Various industrial data sources usually have good configurability for connecting the data anywhere you need to. However, consumer grade devices such as connected cars, phones, Fitbits, and others often force you to send your data to the manufacturer’s cloud, from where they might serve it back to you via an API. In these cases, you can use one of the bridging patterns in this post (see sections 2 and 3).
For a real-world example, here’s how to connect measurements from any number of Ruuvi IoT tags to Streamr. The devices transmit data over Bluetooth Low Energy to a gateway computer which runs this node.js script. A separate Stream is created for each found Ruuvi device, and the measurements are produced to the appropriate Stream as they occur.
Example 1: Push from the source example using the JS client
const StreamrClient = require('streamr-client')const ruuvi = require('node-ruuvitag')const API_KEY = 'MY-API-KEY'const client = new StreamrClient({ apiKey: API_KEY})const streams = {}console.log('Listening for RuuviTags...')ruuvi.on('found', tag => { // Create a Stream for this tag if it doesn't exist yet if (!streams[tag.id]) { streams[tag.id] = await client.getOrCreateStream({ name: 'Ruuvi ' + tag.id }) } tag.on('updated', async (data) => { const stream = streams[tag.id] try { // Produce the data point to the stream await stream.produce(data) } catch (err) { console.error(err) } })})

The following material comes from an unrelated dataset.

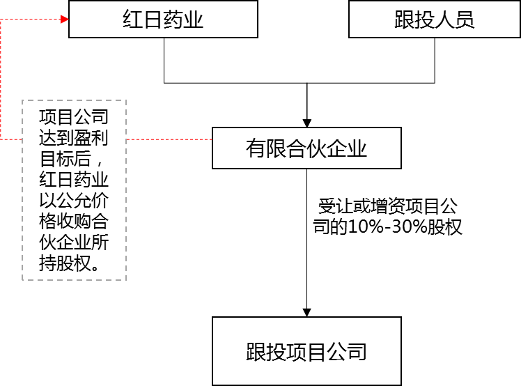 红日药业专门设立事业合伙人计划领导小组,负责把握计划的实施进度,审议合伙人计划方案,决定合伙人人选及其份额。红日药业的事业合伙人计划本质是“项目跟投”。以核心管理人员、技术人员为主的团队通过增资或受让部分股权的方式,持有项目公司股权,成为项目公司的合伙人股东。合伙人所持的项目公司股权,在未来项目公司达到更高的盈利水平后,由红日药业按照相关证券法规所许可的方式,以公允价格收购,合伙人实现价值回报。

For a more advanced example, see this post on how to set up a cold chain monitoring demo using Ruuvi tags, Streamr, and Ethereum smart contracts.
If your app is not in JavaScript, you can interact with the API directly using any HTTP library. See the previous post as well as the API docs for more information and examples.
2. Bridging from a streaming source
Simplicity: Medium
Latency: Good
Applicability: Medium
This pattern is useful when you don’t have direct control over the source, but a streaming API or some other kind of listener hook is available for the data. These allow you to be notified whenever new data occurs, enabling you to immediately forward the event to Streamr. Data that is typically available via these kinds of APIs are news feeds, financial market data and social media feeds.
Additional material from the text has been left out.